Sean_Posey_HW4

Readings

Krueger 1999

1.) What is the causal link the paper is trying to reveal

1. Effect of class size from kindergarten to third grade on students’ performance on standardized tests and does adding an aide to large classrooms reduce the negative impacts of large classrooms.

2.) What would the ideal experiment to test this causal link

1. The ideal experiment is to have the same individual attend different size classes and obtain their performance. This is impossible because 1 individual cannot be both treated and untreated therefore, we do not get perfect counterfactuals. Realistically the ideal experiment would be a randomized control trial with a blocked randomization design where students are first grouped by a variable that affects outcome such as past performance, IQ, etc. and then individuals in each group are randomly split between treatment and control.

3.) What is the identification strategy

1. The authors conducted a randomized control trial where individuals in select schools in Tennessee were randomly assigned to classes with different size classes, small (13-17 students), regular (22-25 students), and regular with aide (22-25 students). The authors did not have baseline data on student’s performance so were unable to balance the sample on the outcome variable.

4.) What are the assumption/threats to this identification strategy

1. Differential attrition, students enter in and out of treatment. Students who may enter into a small class may have previously been in a large classroom at a different school and vice versa, this creates a bias in an unknown direction.

Ashenfelter and Krueger 1994

1.) What is the causal link the paper is trying to reveal

1. Educations impact on wages

2.) What would the ideal experiment to test this causal link

1. An ideal experiment is to have a single individual both go to school and not go to school for varying years so that innate ability and other non-observable characteristics such as social skills do not impact wage.

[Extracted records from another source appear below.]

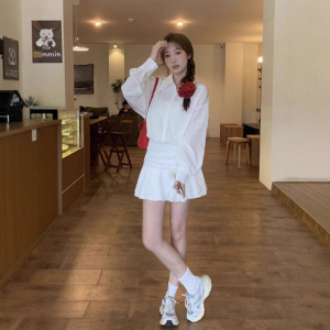夏日绝美穿搭雪纺白色收腰连衣裙子女2025早秋新款小个子套装短裙
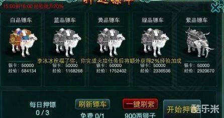 大家在开始运镖的时候会发现,屏幕中间会有个【加速】的图标,玩家只要点击它就可以让马儿跑得快了。不过,如果点一次,出现了“马儿很疲惫”之类的话,就
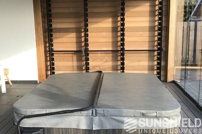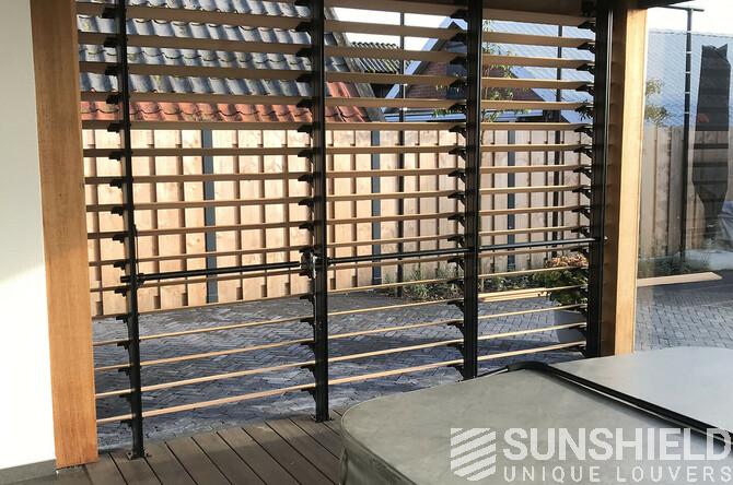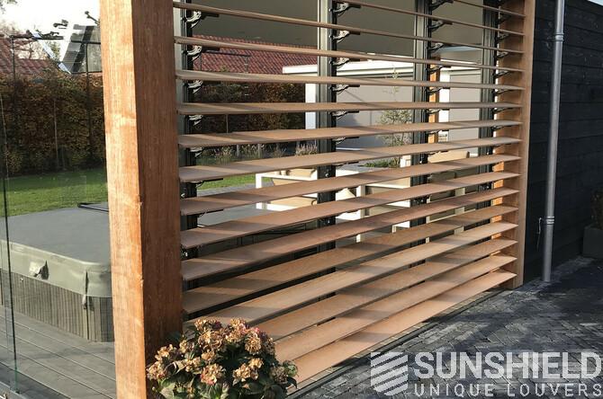 Here is a canopy equipped with a slatted wall. By Sunshield. Thanks to this louvered wall, the residents can actually decide for themselves whether to stay inside or outside under the roof.

3.) What is the identification strategy

1. For this paper they used twins to control for the non-observables since twins should be a strong counterfactual.

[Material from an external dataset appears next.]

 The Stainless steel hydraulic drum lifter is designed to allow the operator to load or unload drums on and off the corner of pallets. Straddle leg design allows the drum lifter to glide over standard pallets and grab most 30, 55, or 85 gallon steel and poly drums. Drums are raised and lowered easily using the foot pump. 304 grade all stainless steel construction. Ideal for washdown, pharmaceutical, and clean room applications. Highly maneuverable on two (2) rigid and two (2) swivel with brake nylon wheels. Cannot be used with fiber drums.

4.) What are the assumption/threats to this identification strategy

1. Measurement error. They claim that they find no evidence that unobserved ability is positively related to the schooling level completed, however this seems unlikely.

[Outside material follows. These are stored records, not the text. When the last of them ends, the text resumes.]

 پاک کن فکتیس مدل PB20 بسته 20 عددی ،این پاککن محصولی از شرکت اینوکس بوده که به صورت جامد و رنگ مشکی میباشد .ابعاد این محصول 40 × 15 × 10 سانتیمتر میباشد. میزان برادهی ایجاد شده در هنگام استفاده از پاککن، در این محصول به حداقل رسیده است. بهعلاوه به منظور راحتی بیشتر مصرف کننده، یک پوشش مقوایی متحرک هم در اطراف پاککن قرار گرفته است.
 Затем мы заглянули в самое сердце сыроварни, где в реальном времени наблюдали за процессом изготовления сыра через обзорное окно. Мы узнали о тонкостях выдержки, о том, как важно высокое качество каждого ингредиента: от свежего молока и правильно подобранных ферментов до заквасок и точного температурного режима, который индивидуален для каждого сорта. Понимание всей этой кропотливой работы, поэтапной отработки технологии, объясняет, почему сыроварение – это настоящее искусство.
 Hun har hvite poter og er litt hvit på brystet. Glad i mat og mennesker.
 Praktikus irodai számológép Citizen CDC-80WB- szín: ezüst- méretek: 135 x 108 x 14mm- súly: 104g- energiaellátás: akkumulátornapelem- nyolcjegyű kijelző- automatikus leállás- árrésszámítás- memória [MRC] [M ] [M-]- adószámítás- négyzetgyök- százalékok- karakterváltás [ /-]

2. Another potential issue is sampling. In the sample, the authors stated, more women and whites than in CPS sample. This may result in a non-representative sampling. Furthermore, identical twins are not a perfect counterfactual leading to unknown biases.

Replication

twins<-read.csv('./AshenfelterKrueger1994_twins.csv')
#twins<-as.data.table(twins)
colnames(twins)<-c('famid','age', 'educ.T1', 'educ.T2', 'lwage.T1','lwage.T2', 'male.T1','male.T2','white.T1','white.T2')
long<-reshape(twins, direction='long',
              varying=c('educ.T1', 'lwage.T1', 'male.T1','white.T1', 'educ.T2','lwage.T2','male.T2','white.T2'),
              timevar='twin',
              times=c('T1','T2'),
              v.names=c('educ','lwage','male','white'),
              idvar=c('famid','age'))
long<-long[order(long$famid),]

twins$D.Ed=twins$educ.T1-twins$educ.T2
twins$D.lw=twins$lwage.T1-twins$lwage.T2
FD2<-lm(D.lw~D.Ed,data=twins)
stargazer(FD2,type='html')

	Dependent variable:
	D.lw
D.Ed	0.092***
	(0.024)
Constant	-0.079*
	(0.045)
Observations	149
R2	0.092
Adjusted R2	0.086
Residual Std. Error	0.554 (df = 147)
F Statistic	14.914*** (df = 1; 147)
Note:	p<0.1; p<0.05; p<0.01

The coefficient on eduction, B=0.092, should be interpreted as 1 more year of education leads to an 9.2% increase in wages holding all else constant.

long$age2<-long$age^2/100
Table3.1<-lm(lwage~educ+age+age2+male+white, data=long)
stargazer(Table3.1,type='html')

	Dependent variable:
	lwage
educ	0.084***
	(0.014)
age	0.088***
	(0.019)
age2	-0.087***
	(0.023)
male	0.204***
	(0.063)
white	-0.410***
	(0.127)
Constant	-0.471
	(0.426)
Observations	298
R2	0.272
Adjusted R2	0.260
Residual Std. Error	0.532 (df = 292)
F Statistic	21.860*** (df = 5; 292)
Note:	p<0.1; p<0.05; p<0.01

The coefficient on the education variable should be interpreted that for a 1 additional year of education, your wage should increase by 8.4% holding all else constant. The coefficients on controls shouldn’t be interpreted closely as they are controlling for other factors correlated with wage but not with education such as innate ability, social skills, social norms, etc.